_Exercise aim_.
In the entries below, find the line with "LOT DE CHASUBLES RÉVERSIBLES" and the line with "2度目の1年生の水泳学習もあ". Print those two and everything between them exactly, and nothing else.

_Supplied material_.

○ ○ ○ ○ ○ ○ ○

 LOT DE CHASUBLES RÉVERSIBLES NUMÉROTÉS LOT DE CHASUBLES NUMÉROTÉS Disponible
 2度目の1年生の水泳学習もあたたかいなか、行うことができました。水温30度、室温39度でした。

○ ○ ○ ○ ○ ○ ○

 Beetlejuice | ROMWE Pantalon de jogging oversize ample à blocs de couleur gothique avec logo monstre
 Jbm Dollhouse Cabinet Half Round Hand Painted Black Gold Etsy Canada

○ ○ ○ ○ ○ ○ ○

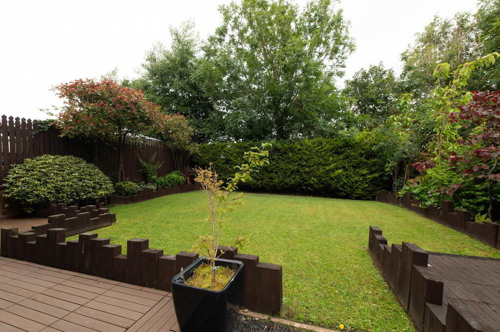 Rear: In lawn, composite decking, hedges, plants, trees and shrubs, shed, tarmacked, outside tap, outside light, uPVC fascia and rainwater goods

○ ○ ○ ○ ○ ○ ○

_Answer to the exercise_.
 LOT DE CHASUBLES RÉVERSIBLES NUMÉROTÉS LOT DE CHASUBLES NUMÉROTÉS Disponible
 2度目の1年生の水泳学習もあたたかいなか、行うことができました。水温30度、室温39度でした。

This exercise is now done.